TRY IT: Without including any picture, copy the entries that follow word for word.

_ _ _ _ _ _ _

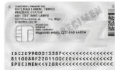
Zadní strana (s čipem)

Od 1. 1. 2012 je vydáván nový občanský průkaz se strojově čitelnými údaji (s čipem nebo bez čipu). Je vyroben ve formě plastové karty o rozměrech 54 mm x 85,6 mm (velikost platební karty), má gravírovanou černobílou fotografii a gravírovaný podpis držitele. Jméno, příjmení a číslo dokladu jsou provedeny taktilním gravírováním (lze poznat hmatem). Oba občanské průkazy jsou vzhledově stejné, liší se pouze tím, že na zadní straně je umístěn kontaktní elektronický čip.
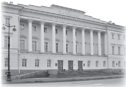
Здание Сената и Синода на площади Декабристов

коллегии, государственного органа, управлявшего религиозными делами, Петр I завершил огосударствление Русской православной церкви, полностью подчинив ее интересам государства и ликвидировав патриаршество. Только в революционном 1917 г., после свержения Николая II, патриаршество было восстановлено. Здания Сената и Синода России связали торжественной аркой, переброшенной через Галерную улицу. Фасад здания украшают фигуры
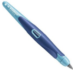
« EASY BIRDY » de Stabilo Droitier ou Gaucher
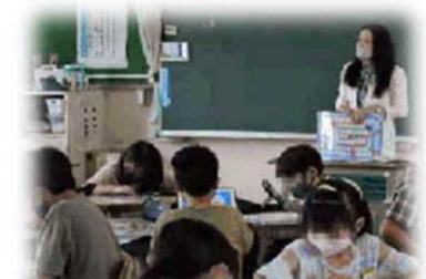
朝日小学校(愛知県)
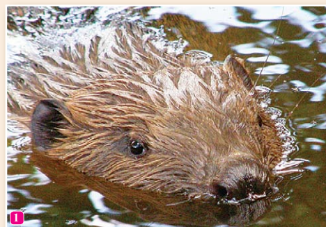
1 Bebrs Castor fiber – plaši izplatīts Slīteres nacionālā parka ūdenstečēs, ir suga, kura aktīvi pārveido vidi. Iespējams vērot un dzirdēt to sarunas no dažu metru attāluma.
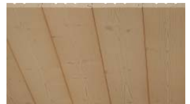
Fasebrett mit Exklusivstab
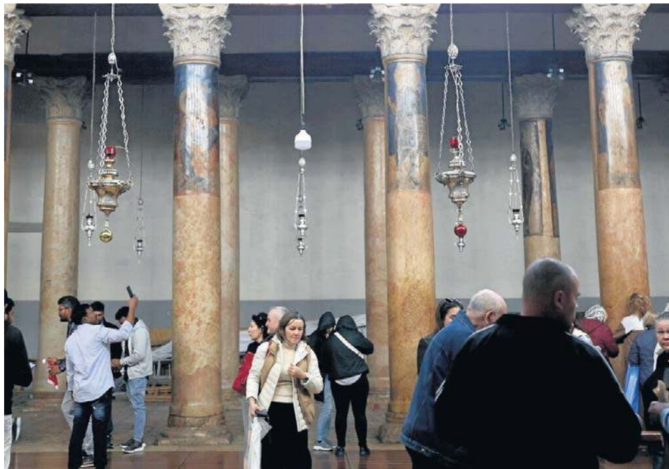
Bazylika Narodzenia Pańskiego w Betlejem znów przyciąga wiernych

W samym centrum i sercu miasta, otoczona klasztorami grecko-ortodoksyjnym i ormiańskim oraz klasztorami franciszkańskim, znajduje się bazylika Narodzenia Pańskiego. Chrześcijański charakter miasta jest uznany również na płaszczyźnie politycznej - do tego stopnia, że na mocy dekretu prezydenta palestyńskiego burmistrz Betlejem musi być chrześcijaninem. Podobnie jak w całej Ziemi Świętej, lokalna wspólnota chrześcijań-
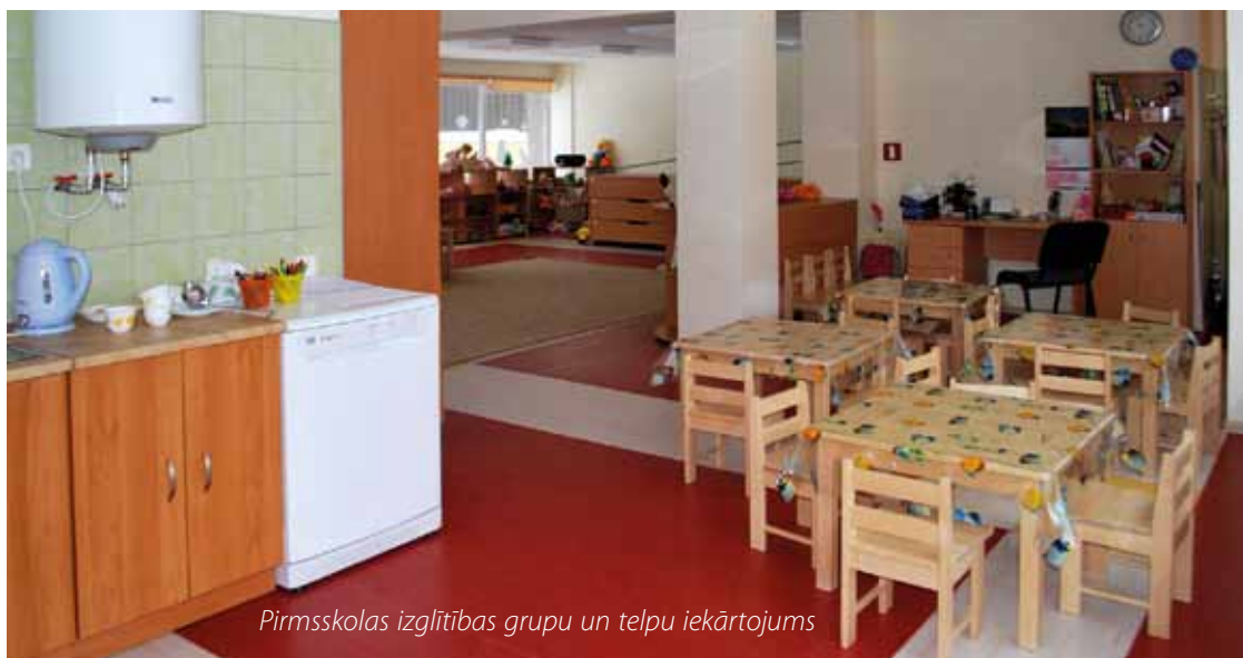
Pirmsskolas izglītības grupu un telpu iekārtojums
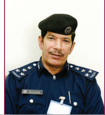
العميد/ عيسى عرار الرميحي

تكنولوجية تحد من هذه الطائرات في مناطق الحظر وهو ما يلعب دوراً مهماً في الحد من مخاطرها .
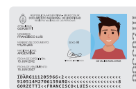
DNI tarjeta (del DNI libreta celeste)
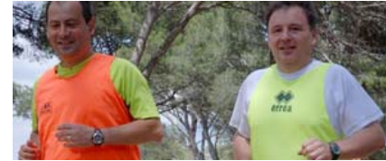
Magnum & Bizounours

Ceci dit, pendant l'été 2008, il y a toujours eu du monde le mardi et souvent le vendredi. Si vous êtes là, venez et amenez vos invités.
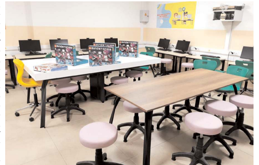
Tasarım-Beceri Atölyeleri, bilim, sanat, spor ve kültür odaklı yapılandırılacak.

1.600.000 TL bütçesi olan DOKAP projesi ile Çorum'da kurulacak atölyelerin tamamından tüm okulların faydalanabileceği belirtildi. (Haber Merkezi)
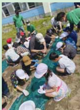
6月6日 奈井江小学校 2年生 37名

収穫は10月を予定しており、みんなで収穫作業をしたり、ポップコーンを作ったりして、児童に食べ物を作る大切さを学んでもらう予定です。
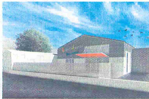
La maquette de l'avant-projet.

La communauté de communes espère 40 % à 50 % de subventions.
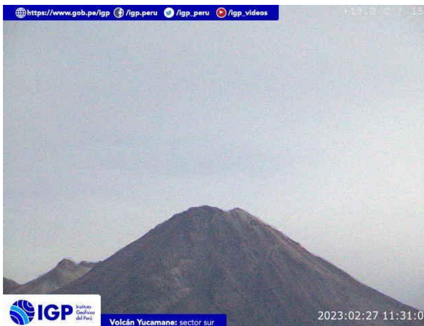
Figura 7.- Imagen de monitoreo del volcán Yucamane capturada por la cámara de monitoreo Yucamane, ubicada en el sector sur del volcán. La hora corresponde a formato UTC.
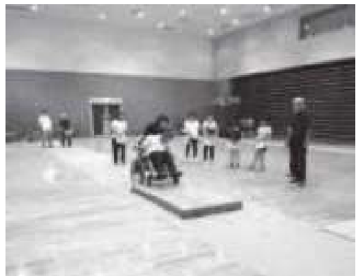
多世代交流を通じた福祉学習

車いす体験を通じて、多世代が交流しながら車いすに乗る方の気持ちを理解し、思いやりや助け合い、支え合いの心を学ぶ機会となりました。
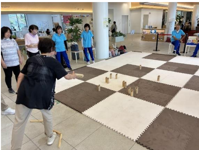
【ニュースポーツの広場】 .....
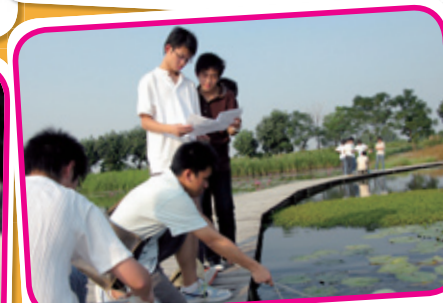
生物科到米埔參加濕地生態學家研習。
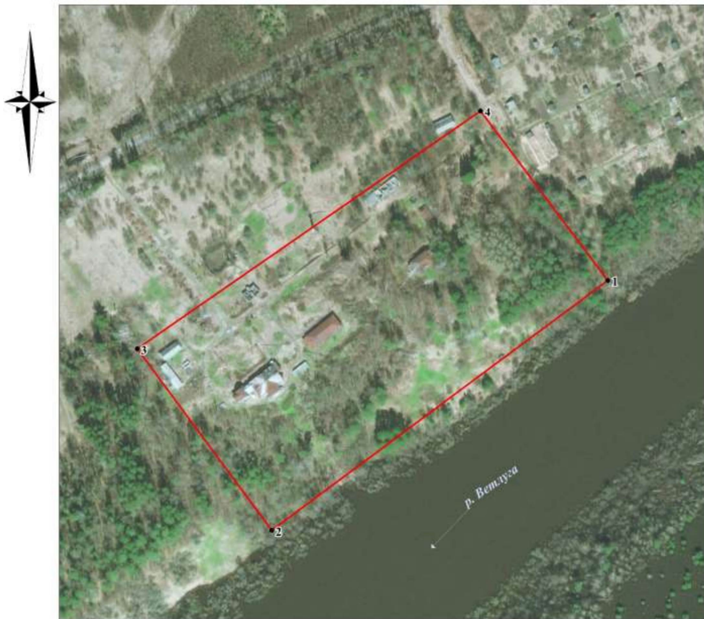
СХЕМА ГРАНИЦ ПАМЯТНИКА ПРИРОДЫ РЕГИОНАЛЬНОГО ЗНАЧЕНИЯ "ПАРК ВЕТЛУЖСКОГО ПРОТИВОТУБЕРКУЛЕЗНОГО САНАТОРИЯ"

Приложение 2 к паспорту на памятник природы регионального значения «Парк Ветлужского противотуберкулезного санатория», расположенный в Ветлужском муниципальном округе Нижегородской области

_ _ _ _ _ _ _

TASK OUTPUT:
Zadní strana (s čipem)

Od 1. 1. 2012 je vydáván nový občanský průkaz se strojově čitelnými údaji (s čipem nebo bez čipu). Je vyroben ve formě plastové karty o rozměrech 54 mm x 85,6 mm (velikost platební karty), má gravírovanou černobílou fotografii a gravírovaný podpis držitele. Jméno, příjmení a číslo dokladu jsou provedeny taktilním gravírováním (lze poznat hmatem). Oba občanské průkazy jsou vzhledově stejné, liší se pouze tím, že na zadní straně je umístěn kontaktní elektronický čip.
Здание Сената и Синода на площади Декабристов

коллегии, государственного органа, управлявшего религиозными делами, Петр I завершил огосударствление Русской православной церкви, полностью подчинив ее интересам государства и ликвидировав патриаршество. Только в революционном 1917 г., после свержения Николая II, патриаршество было восстановлено. Здания Сената и Синода России связали торжественной аркой, переброшенной через Галерную улицу. Фасад здания украшают фигуры
« EASY BIRDY » de Stabilo Droitier ou Gaucher
朝日小学校(愛知県)
1 Bebrs Castor fiber – plaši izplatīts Slīteres nacionālā parka ūdenstečēs, ir suga, kura aktīvi pārveido vidi. Iespējams vērot un dzirdēt to sarunas no dažu metru attāluma.
Fasebrett mit Exklusivstab
Bazylika Narodzenia Pańskiego w Betlejem znów przyciąga wiernych

W samym centrum i sercu miasta, otoczona klasztorami grecko-ortodoksyjnym i ormiańskim oraz klasztorami franciszkańskim, znajduje się bazylika Narodzenia Pańskiego. Chrześcijański charakter miasta jest uznany również na płaszczyźnie politycznej - do tego stopnia, że na mocy dekretu prezydenta palestyńskiego burmistrz Betlejem musi być chrześcijaninem. Podobnie jak w całej Ziemi Świętej, lokalna wspólnota chrześcijań-
Pirmsskolas izglītības grupu un telpu iekārtojums
العميد/ عيسى عرار الرميحي

تكنولوجية تحد من هذه الطائرات في مناطق الحظر وهو ما يلعب دوراً مهماً في الحد من مخاطرها .
DNI tarjeta (del DNI libreta celeste)
Magnum & Bizounours

Ceci dit, pendant l'été 2008, il y a toujours eu du monde le mardi et souvent le vendredi. Si vous êtes là, venez et amenez vos invités.
Tasarım-Beceri Atölyeleri, bilim, sanat, spor ve kültür odaklı yapılandırılacak.

1.600.000 TL bütçesi olan DOKAP projesi ile Çorum'da kurulacak atölyelerin tamamından tüm okulların faydalanabileceği belirtildi. (Haber Merkezi)
6月6日 奈井江小学校 2年生 37名

収穫は10月を予定しており、みんなで収穫作業をしたり、ポップコーンを作ったりして、児童に食べ物を作る大切さを学んでもらう予定です。
La maquette de l'avant-projet.

La communauté de communes espère 40 % à 50 % de subventions.
Figura 7.- Imagen de monitoreo del volcán Yucamane capturada por la cámara de monitoreo Yucamane, ubicada en el sector sur del volcán. La hora corresponde a formato UTC.
多世代交流を通じた福祉学習

車いす体験を通じて、多世代が交流しながら車いすに乗る方の気持ちを理解し、思いやりや助け合い、支え合いの心を学ぶ機会となりました。
【ニュースポーツの広場】 .....
生物科到米埔參加濕地生態學家研習。
СХЕМА ГРАНИЦ ПАМЯТНИКА ПРИРОДЫ РЕГИОНАЛЬНОГО ЗНАЧЕНИЯ "ПАРК ВЕТЛУЖСКОГО ПРОТИВОТУБЕРКУЛЕЗНОГО САНАТОРИЯ"

Приложение 2 к паспорту на памятник природы регионального значения «Парк Ветлужского противотуберкулезного санатория», расположенный в Ветлужском муниципальном округе Нижегородской области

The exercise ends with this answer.